- WHAT YOU NEED TO DO
The full listing is to be returned exactly as given, but without pictures.

- RECORDED INFORMATION
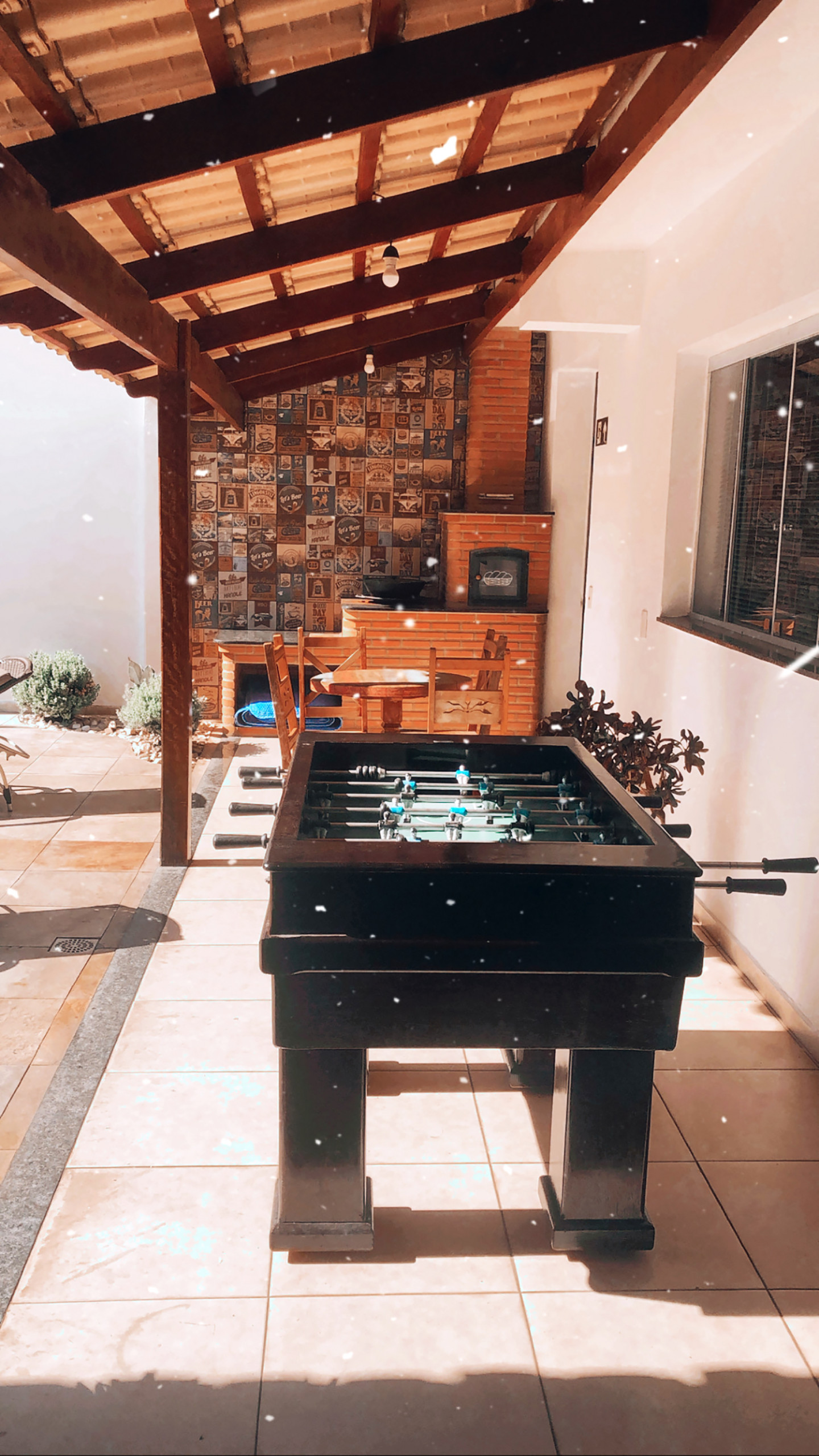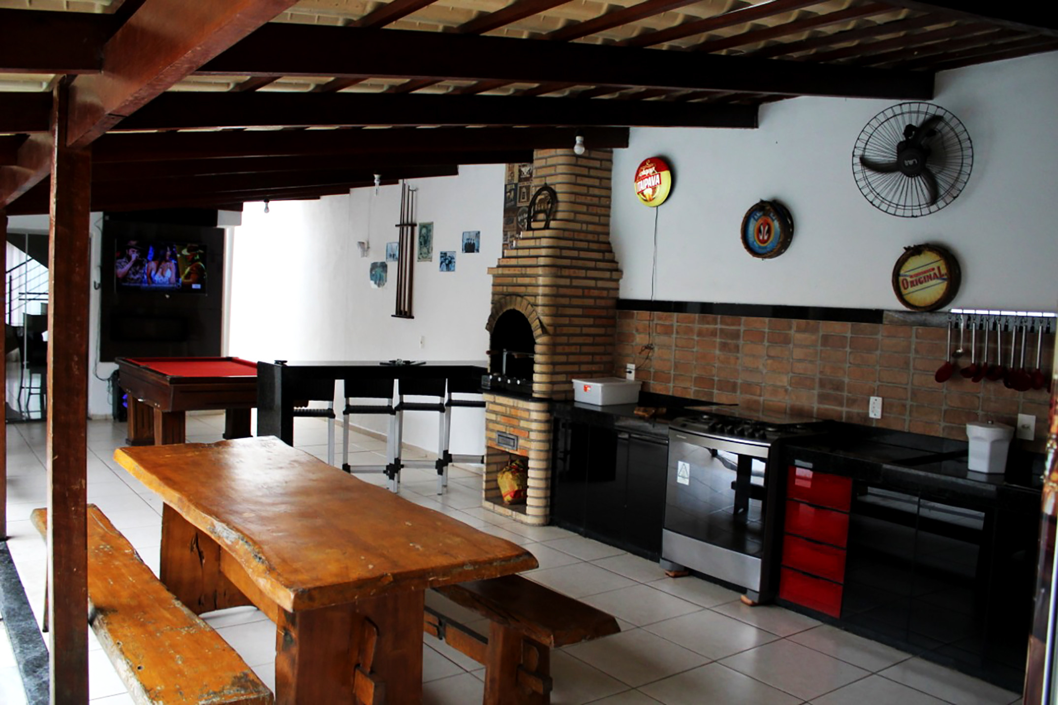 - Área gourmet equipada com freezer vertical, uma mesa estilo picnic e um balcão com quatro banquetas
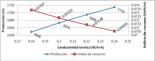 La tabla 5, muestra cómo se comportan los indicadores productivos e índices de consumo, con la variación de la conductividad térmica, manteniendo contantes, el calor específico y la densidad. Aquí sucede todo lo contrario, a los ejemplos anteriores, pues en la medida que decrece en magnitud, disminuye la producción, aumenta el tiempo y por consiguiente el índice de consumo, es apreciado también, en las figuras 8 y 9.
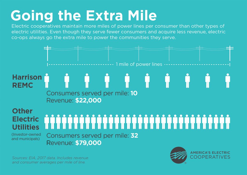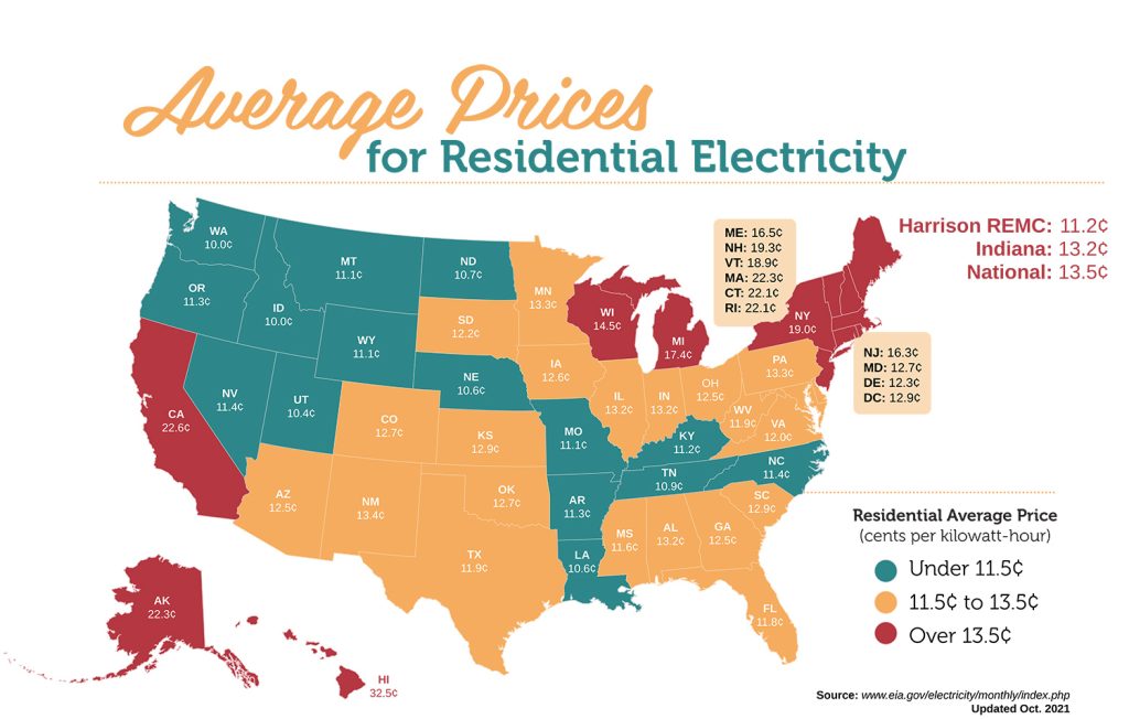 Since the REMC operates on a not-for-profit basis, these low operating costs translate into lower electric rates. As shown in the chart below, our rates are lower than the state average and national average when compared to all electric utility companies. Now consider the fact that electric cooperatives provide service to more rural areas of the country than investor-owned utilities and municipals do. When a cooperative like Harrison REMC (10 members per mile of line) can provide rates equal to or lower than other municipal and investor-owned utilities (32 customers per mile of line) at any use level, you can be assured that the local cooperative not-for-profit model is working for you.

- SOLUTION BELOW
 - Área gourmet equipada com freezer vertical, uma mesa estilo picnic e um balcão com quatro banquetas
 La tabla 5, muestra cómo se comportan los indicadores productivos e índices de consumo, con la variación de la conductividad térmica, manteniendo contantes, el calor específico y la densidad. Aquí sucede todo lo contrario, a los ejemplos anteriores, pues en la medida que decrece en magnitud, disminuye la producción, aumenta el tiempo y por consiguiente el índice de consumo, es apreciado también, en las figuras 8 y 9.
 Since the REMC operates on a not-for-profit basis, these low operating costs translate into lower electric rates. As shown in the chart below, our rates are lower than the state average and national average when compared to all electric utility companies. Now consider the fact that electric cooperatives provide service to more rural areas of the country than investor-owned utilities and municipals do. When a cooperative like Harrison REMC (10 members per mile of line) can provide rates equal to or lower than other municipal and investor-owned utilities (32 customers per mile of line) at any use level, you can be assured that the local cooperative not-for-profit model is working for you.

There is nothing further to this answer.